Report by Ms de Meaner
You could enter in two ways: with a long description of one ism or lots of descriptions of a number of isms. I was very disappointed with Keith Flett - I mean, "beardism"? This was supposed to be a comp to look for "new and exciting" isms - not to give old Fletty the chance to segue into his beard thing again. There were a few singletons that amused me: Massowism - the deriving of pleasure from criticising conceptual art (John O'Byrne); Postmodemism - life after the internet (Frank Dunnil); Bellengerism - an uncontrollable urge to compete (Sid Field); Marxandsparxism - a belief system based on the premise that nothing ever really changes except that everything gets more expensive (Andy Jackson). £20 to all those below; the overall winner, John Griffiths-Colby, also gets the vouchers.
Inoculism is the essence of 21st-century Britain; being as infectious as the root of its creation, this paradigm of "challenge-based living" is a natural progression from archetypal rebellion role models of the third quarter of the 20th century.
One can envisage a soon-to-be-filmed box-office hyper-smash starring Moron Blando astride a phosphor-bronze, logo-emblazoned scooter; when asked which fundamental principle of internally denominated social antipathy he is exposing, through his stoic refusal to commit to a specific course of holistic healing insurance for his pillion passenger, prior to their excursion to the latest Yo! Vaccino 24-hour conveyor-belt enema emporium, he simply states: "What ya got?"
The state of mind encapsulated by Inoculism was crystallised through the inability of the public to determine whether having a single vaccination made up of three ingredients for their child - rather than three, made up of the same ingredients - was different from exposing their infants to entirely known risks of endemic disease, now largely eradicated by the use of, say, three vaccines identical to the ones they were being offered.
Visualise one donkey, two piles of carrots and starvation, and you have visualised Inoculism to a tee.
John Griffiths-Colby
Scrutonism - a developing postmodern praxis in which the fogeyish abstractions of a free-market ideology are expressed without contradiction at the economic level by lucrative huckstering in the guise of independent journalism.
Meldrewism - a type of situationism or neo-dadaism practised by Third Age people, aiming to challenge the illusory decorum of bourgeois culture by radically deviant behaviour, such as chronic sarcasm, wilful resistance to the precepts of everyday logic and language, "senior moments", etc.
IDSism - a secretive minority cult, with its attendant rituals and practices, based on the belief that the leader of the Conservative Party is a Tharg who has come to Planet Earth in human form to save England from Bolshevism.
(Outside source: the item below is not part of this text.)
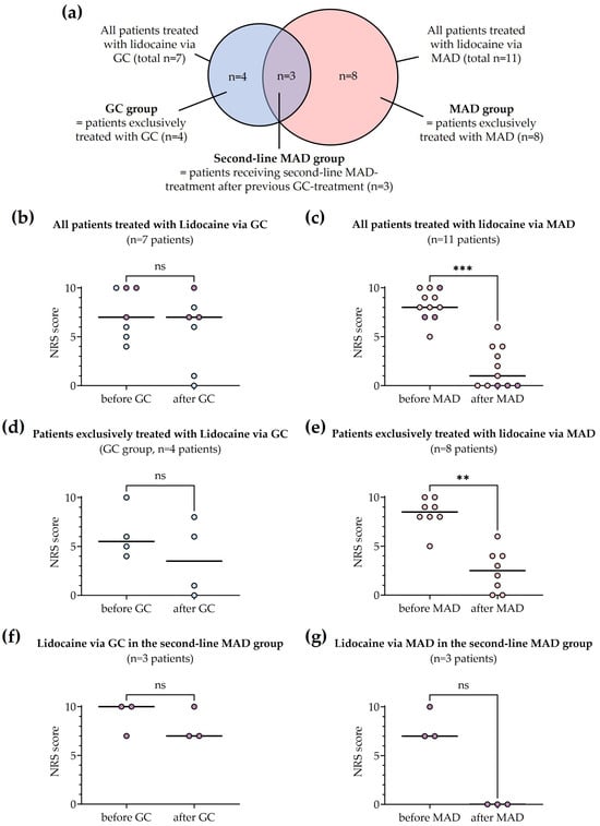 Reduction in pain scores (NRS) after first dose of intranasal lidocaine 2%. Colors indicate the different groups: Patients exclusively treated with lidocaine via GC (blue), patients exclusively treated with lidocaine via an MAD (light red) and patients first treated with lidocaine via GC, followed by administration via an MAD (purple). (a) Venn-diagram showing the distribution of treatments among patients. (b) All patients treated with lidocaine via GC (n = 7 patients; p = 0.13). (c) All patients treated with lidocaine via an MAD (n = 11 patients; p = 0.001). (d) Patients exclusively treated with lidocaine via GC (n = 4 patients; p = 0.25). (e) Patients exclusively treated with lidocaine via an MAD (n = 8 patients; p = 0.0078). (f) Patients receiving lidocaine via GC in the second-line MAD group (n = 3 patients; p > 0.99). (g) Patients receiving lidocaine via an MAD in the second-line MAD group (n = 3 patients; p = 0.25). Abbreviations: GC gauze compresses, MAD mucosal atomization device, NRS numeric rating scale. Horizontal lines represent the median of each group. Differences in group comparisons are marked with ‘**’ (p values ≤ 0.005), ‘***’ (p values ≤ 0.001) or ‘ns’ (not significant), respectively.

Tarantinoism - a pathological condition. Tarantinoists are inverted Platonists who see reality - or in their own lexicon "reality" - as achieving its highest incarnation in its most trivial and ephemeral representations. Though largely nocturnal, when awake in daylight they may be armed with a "gun". (Not to be confused with Tarrantism.)
Tescoism - the housewives' initiative to liberate and reclaim temples of consumption for a freer public space in which family and community topics may be aired through spontaneous dialogues and human interaction in the aisles of supermarkets, questioning the frantic surge of other customers to select products from the shelves.
Basil Ransome-Davies
Postminimalism - having nothing at all in your house.
Postpostimpressionism - an art form in which, typically, paintings of French gardens are a complete blur. (See also Astigmatism.)
Schism - the breakdown of the education system.
Socialism (new definition) - clubbing.
Dadadadaism - a passionate obsession with the music of Beethoven. The term can also refer to a knowledge of all the most popular bits of classical music, known to the dadadadaist connoisseur as "tunes" and lasting 30 seconds each, developed as a result of listening to Classic FM or adverts for Hovis, British Airways and Old Spice.
David Silverman
Regalitarianism - a belief that all royals are equally superfluous.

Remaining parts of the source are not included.